Но все время зорко присматривались друг к другу, прислушивались к своим чувствам, обходили опасные места.
Прощаясь, Таня как бы между прочим заметила:
— Скоро конец нашим встречам.
— Конец? — испугался Ручьев.
— Ну, не конец — перерыв.
— Если иметь в виду, что наши встречи происходят два раза в месяц… — пытался пошутить Ручьев.
— Так и будет, — сказала Таня, деловито поправляя воротник его шинели. — я уезжаю на сбор.
— Сбор?
— Сбор. Чего вы удивляетесь? Наши дивизионные спортсмены, в том числе и Татьяна Кравченко, убывают на очередные тренировочные прыжки. Впрочем, это недалеко.
Ручьев сразу поскучнел.
— А… — пробормотал он, — ну ладно. Вернетесь — встретимся…
— Не раньше? — Таня улыбнулась.
Но Ручьев не понял намека.
Он пожал Тане руку и торопливо зашагал в казарму.
А Таня начала убирать со стола.
Было уже больше одиннадцати, когда раздался осторожный стук в дверь.
Чуть не разбив чашку, Таня бросилась открывать.
— Что случилось! — воскликнула она, распахнув дверь.
— Ничего. А что могло случиться? — удивился стоявший на пороге Копылов.
— Ах, это ты, — разочарованно пробормотала Таня, — проходи. Чаю хочешь?
— Хочу! — Копылов радостно потер руки. — А не поздно? Рена не спит? Иду, понимаешь, вижу свет, решил зайти. Ничего?
— Да ничего, ничего, шинель-то сними. Так и будешь в шинели чай пить?

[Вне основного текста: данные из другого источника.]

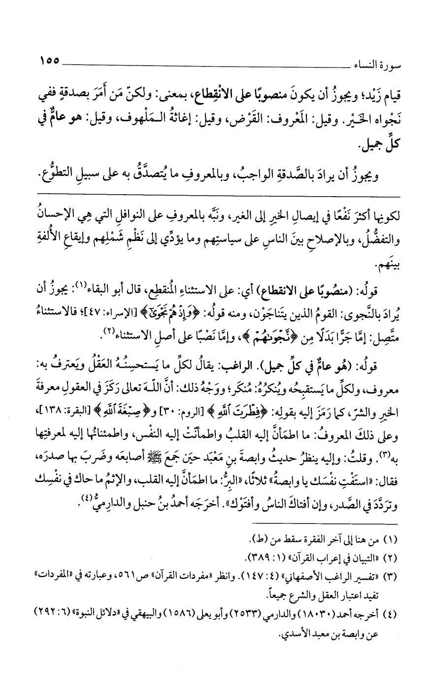 لكونها أكثر نفعاً في إيصال الخير إلى الغير، ونبه بالمعروف على النوافل التي هي الإحسان والتفضل، وبالإصلاح بين الناس على سياستهم وما يؤدي إلى نظم شملهم وإيقاع الألفة بينهم.
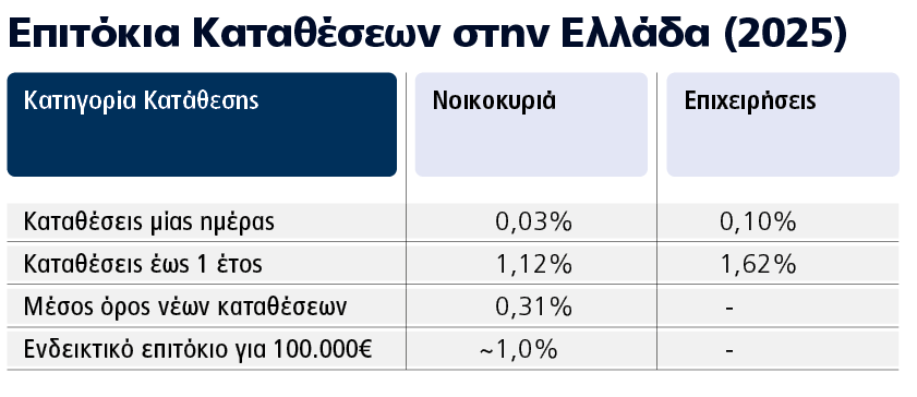 Στην πράξη, το επιτόκιο για μια κατάθεση γύρω στις 100.000 ευρώ κινείται πέριξ του 1%. Δηλαδή, ακόμη και σε μεγάλα ποσά η απόδοση είναι σχεδόν μηδενική. Επομένως οι καταθέσεις προσφέρουν ασφάλεια και όχι απόδοση. Παρά τα χαμηλά επιτόκια, οι καταθέσεις συνεχίζουν να αυξάνονται, κυρίως λόγω των εκταμιεύσεων δανείων που επιστρέφουν στο τραπεζικό σύστημα. Αυτό όμως δεν αντικατοπτρίζει απαραίτητα μια πραγματική αύξηση της αποταμίευσης. Τον Σεπτέμβριο του 2025 οι καταθέσεις του ιδιωτικού τομέα αυξήθηκαν κατά 2,65 δισ. ευρώ, έναντι 2,05 δισ. ευρώ τον Αύγουστο.
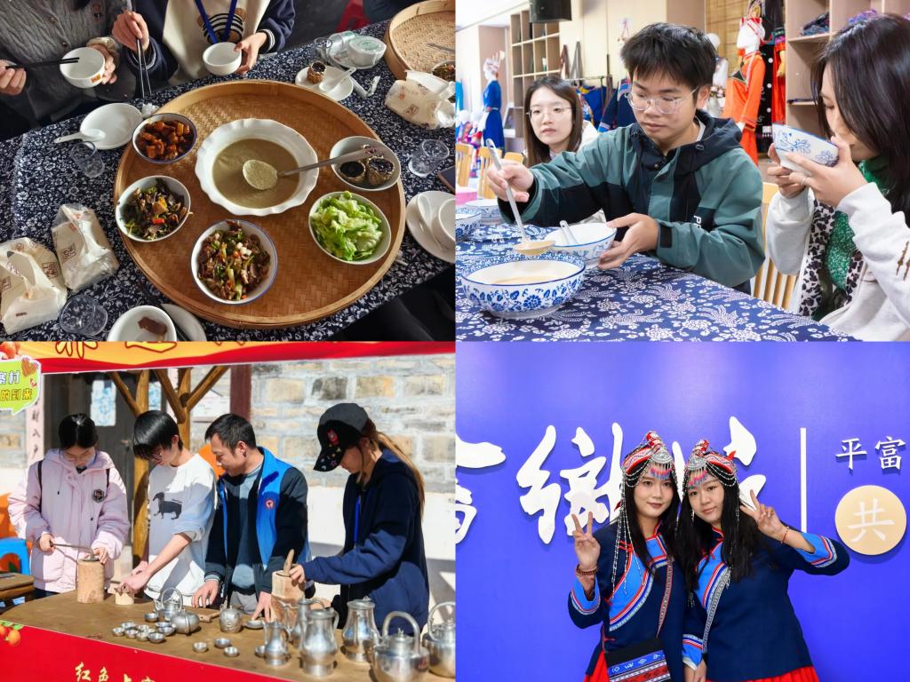 来到横坑畲族村,在当地讲解员的介绍下,大家深入了解了畲族的历史渊源、传统习俗,重点聆听了畲族刺绣的精湛技法、山歌的悠扬意境与图腾文化的深厚内涵,品尝了畲族的长桌宴,沉浸式感受畲族文化的独特韵味。实践体验环节中,师生近距离观摩非遗传承人演示打锡工艺,在指导下亲自体验打锡流程,金属在手中历经捶打、塑形、打磨,逐渐化为精美的器具,让师生们深刻领略到非遗技艺的匠心传承。从刺绣的一针一线到山歌的一唱一和,畲族文化里蕴含着先辈的生活智慧和文化基因,此次实践让非遗不再是书本上的文字,而是可感可知的鲜活存在。活动通过“讲解+体验”的模式,让畲族非遗文化在互动中得以传播,为文旅融合注入文化底气。
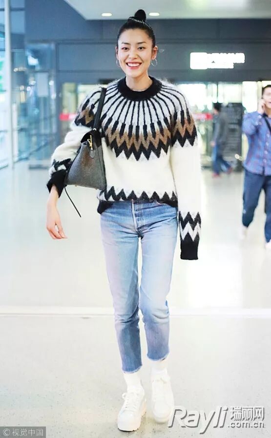 刘雯最近的机场街拍里,可爱逗趣的毛绒印花毛衣,加上俏皮丸子头可爱抢镜。
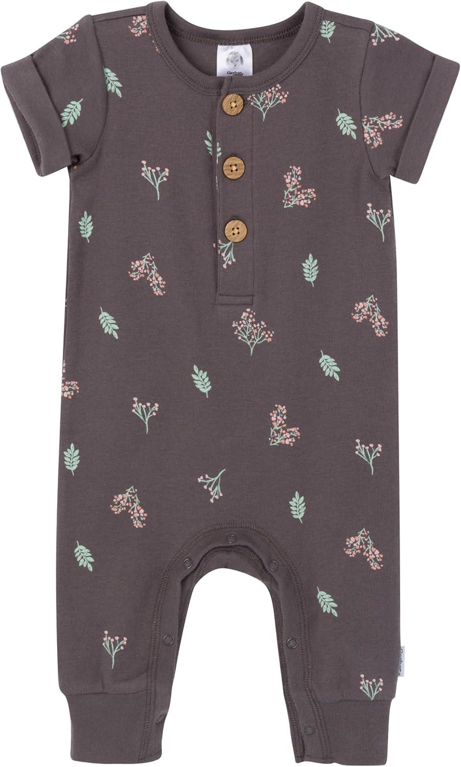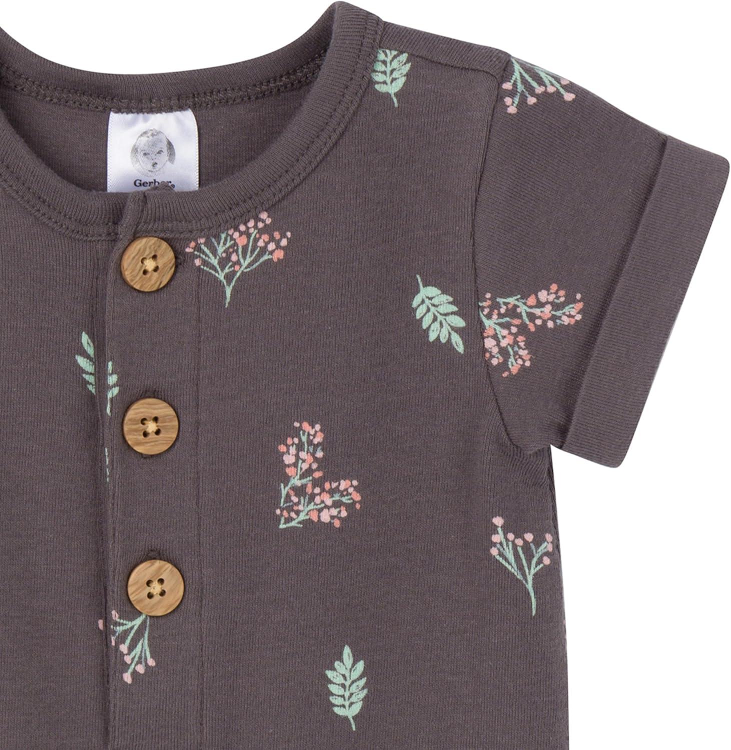 Gerber baby-girls Baby Boys 2-pack Long Leg Romper(Floral)
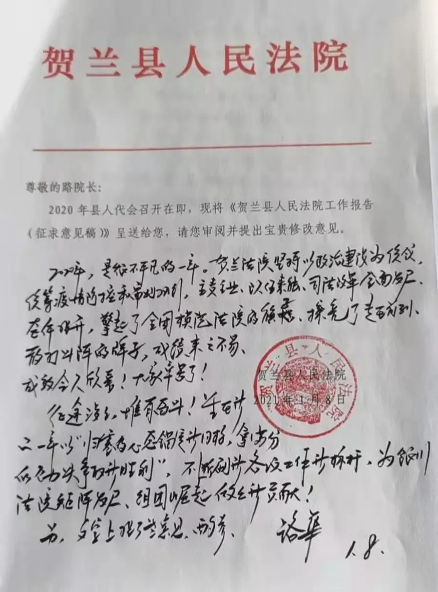 上级法院领导和贺兰县人大代表在审议贺兰县法院的工作报告时给予了高度评价,并对2021年工作提出了殷切期望和建设性意见建议。银川市中级人民法院党组书记、院长路华在审阅贺兰县法院工作报告后,批示:“2020年,是很不平凡的一年。贺兰县法院坚持以政治建设为统领,统筹疫情防控和审判执行,主责主业、队伍素能、司法改革全面发展、整体提升,擎起了全国模范法院的旗子,擦亮了走在前列、敢打头阵的牌子,成绩来之不易、成效令人欣喜!大家辛苦了!征途漫漫,惟有奋斗!望在新的一年以‘归零的心态锚定新目标,拿满分的劲头争取新胜利’,为银川法院矩阵发展、组团崛起做出新贡献!”
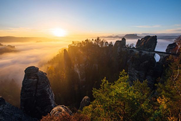 Il y a plusieurs siècles, des chevaliers-brigands parcouraient ces montagnes. Plus tard, des artistes romantiques comme Caspar David Friedrich furent fascinés par ces formations rocheuses uniques. Aujourd’hui, le pont de Bastei et ses environs sont l’une des destinations les plus visitées de l’Allemagne de l’Est. Depuis la plateforme panoramique de Basteiaussicht, rouverte en 2023, on peut admirer une vue à couper le souffle sur la vallée de l’Elbe, le mont Lilienstein et la forteresse de Königstein.
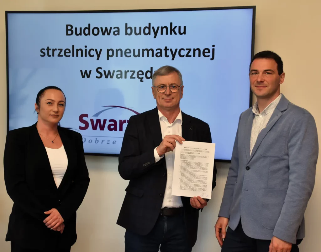 27 kwietnia w swarzędzkim ratuszu Burmistrz Miasta i Gminy Swarzędz Marian Szkudlarek podpisał umowę na realizację zadania pn. „Budowa budynku strzelnicy pneumatycznej w Swarzędzu”. Wykonawcą inwestycji została firma DAKKART Sp. z o.o. z Poznania.
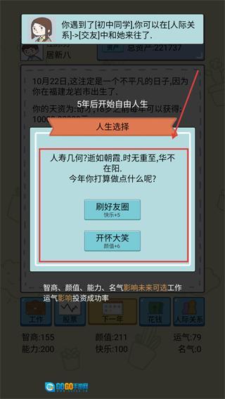 在人生面临选择的阶段,你可以选择【刷朋友圈】——这会让你的【快乐值增加5点】,也可以选择【开怀大笑】——这能使你的【颜值提升6点】,你可以根据自身需求去提升相应的属性,以此来推动人生进程。
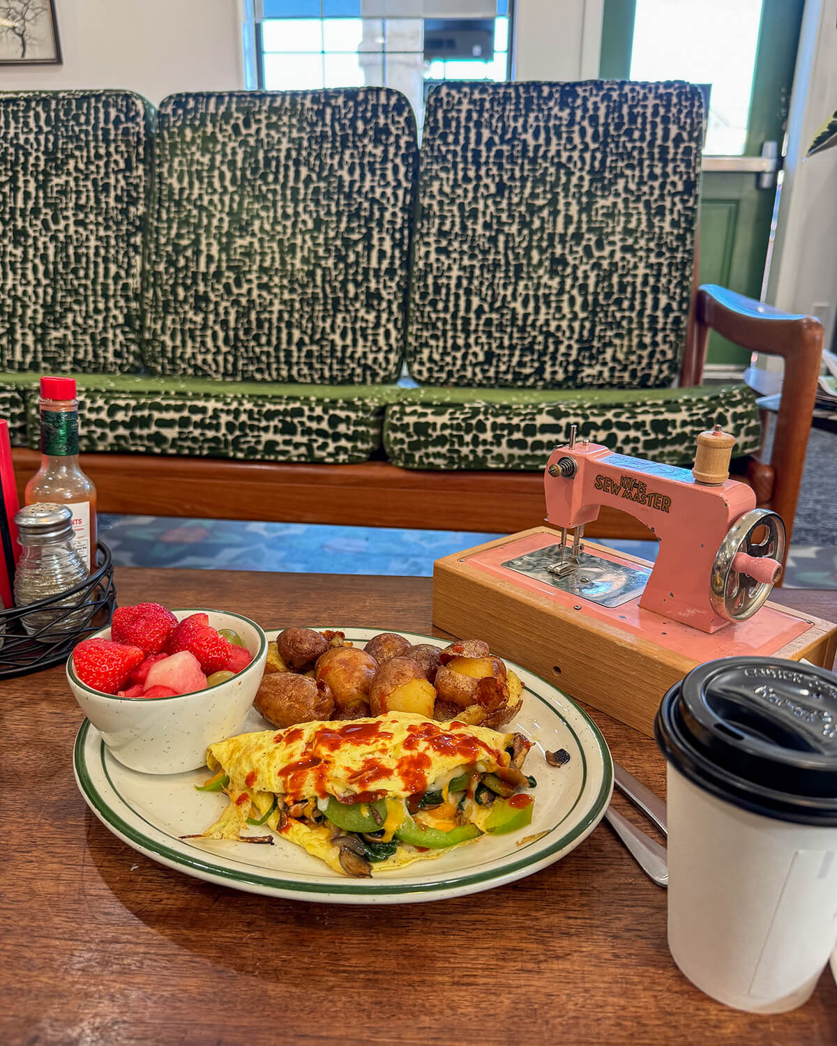 plate with omelette, potatoes and cup on fruit on tables inside Bee's Bakery Cafe in Oakhurst CA
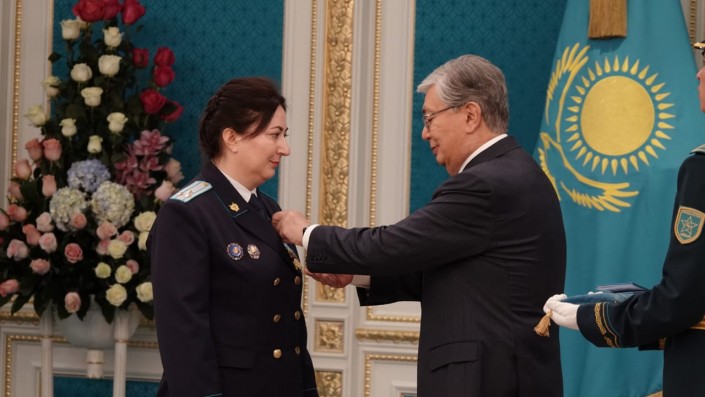 "Орденом "Курмет" награждается заместитель начальника службы по надзору за законностью приговоров Генпрокуратуры Радимхан Дубаева. Под ее руководством был реализован социально значимый проект "10 мер по снижению тюремного населения", - объявил Токаев.
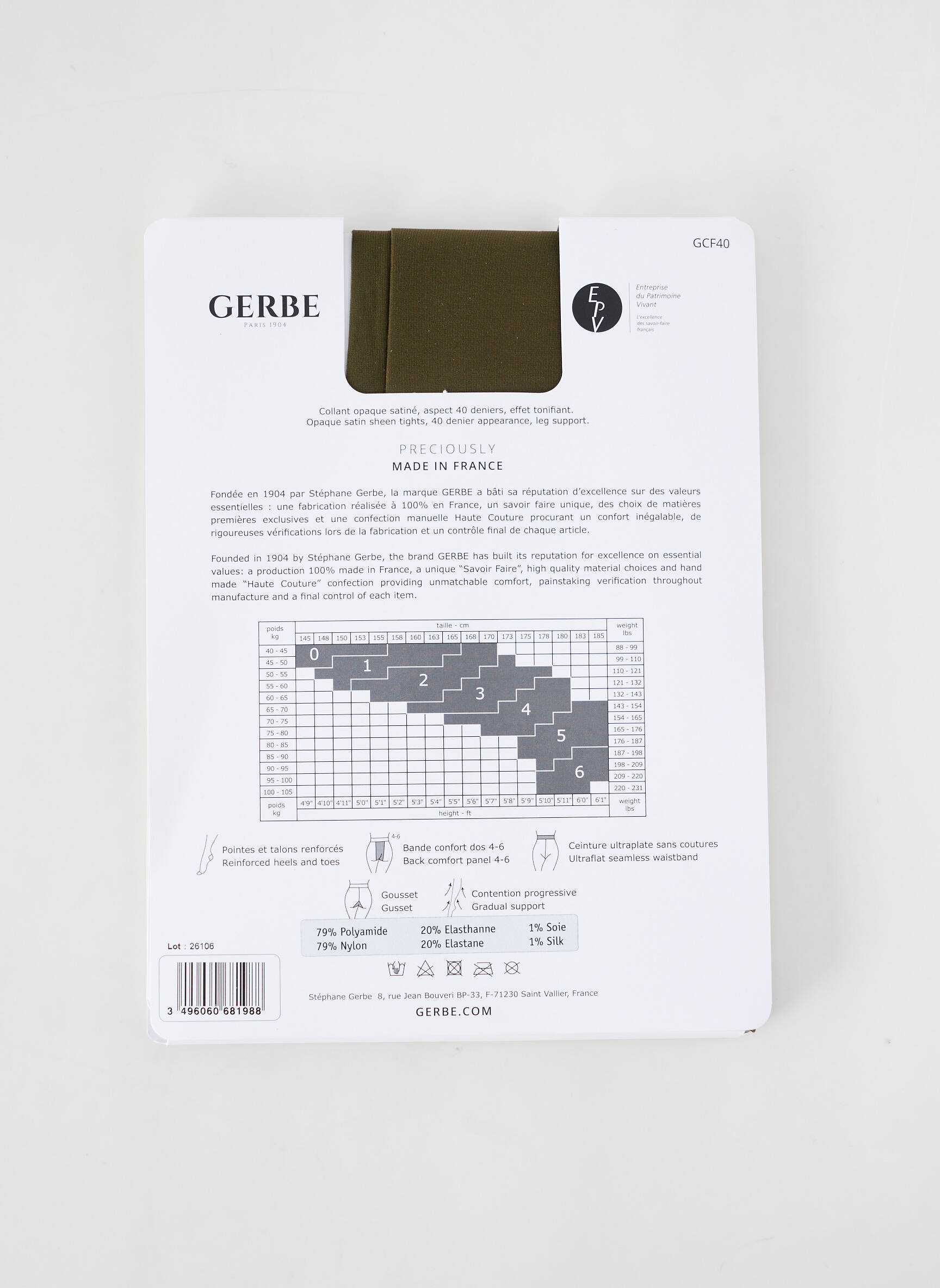 - Composition : 84 % Polyamide, 15 % Elasthane, 1 % Soie
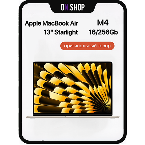 Найти - Ноутбук Apple MacBook Air 13 2025 M4 (13.6/16GB/256GB SSD/Apple graphics 10-core) Starlight (английская раскладка)
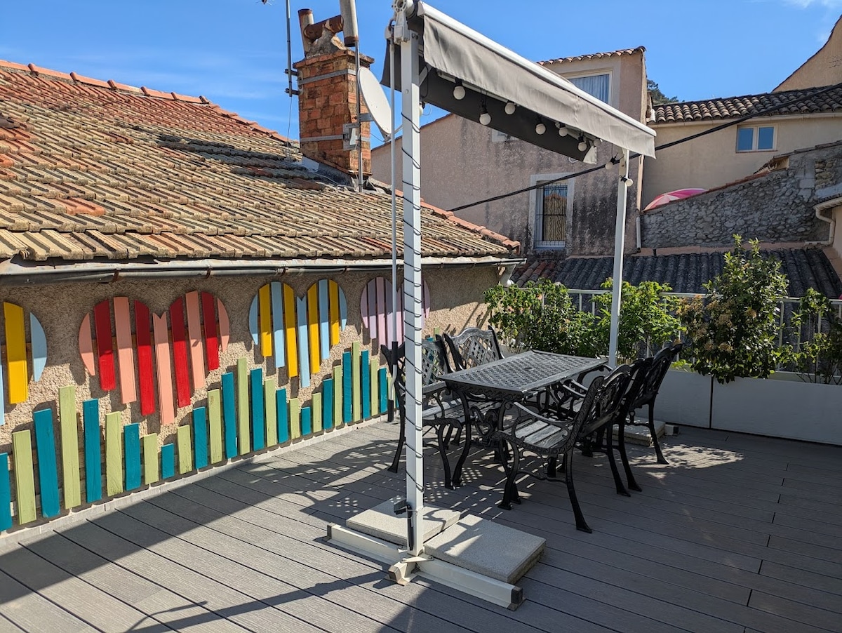 Encantador estudio y su terraza en un pueblo encaramado

— Слушай, Таня, я ненадолго, — сказал Копылов, снимая шинель, фуражку и с удобством располагаясь у стола, — я насчет Ручьева.
Таня, направившаяся было с чайником на кухню, быстро вернулась.
— Понимаешь, — неторопливо рассуждал Копылов, выбирая в вазочке печенье побольше, — ты же завтра на сбор, так? Через три дня я привезу его туда. Сделаем как договорились. Летим втроем. Надо решить, кто прыгнет первым, ты или я. Вторым-то он. Это ясно. А вот кто первым — надо решить.
— Решать нечего — ты! — Голос Тани хлопнул, как выстрел.
Копылов удивленно посмотрел на нее, остановив руку с печеньем на полпути.
— Я не против, но если он опять заробеет, лучше, чтоб я с ним остался в самолете.
— Я прыгну после него!
— Да пожалуйста. Чего ты развоевалась? Не понимаю…
— Все. Кончили этот разговор, — резко сказала Таня и вышла, оставив Копылова в недоумении.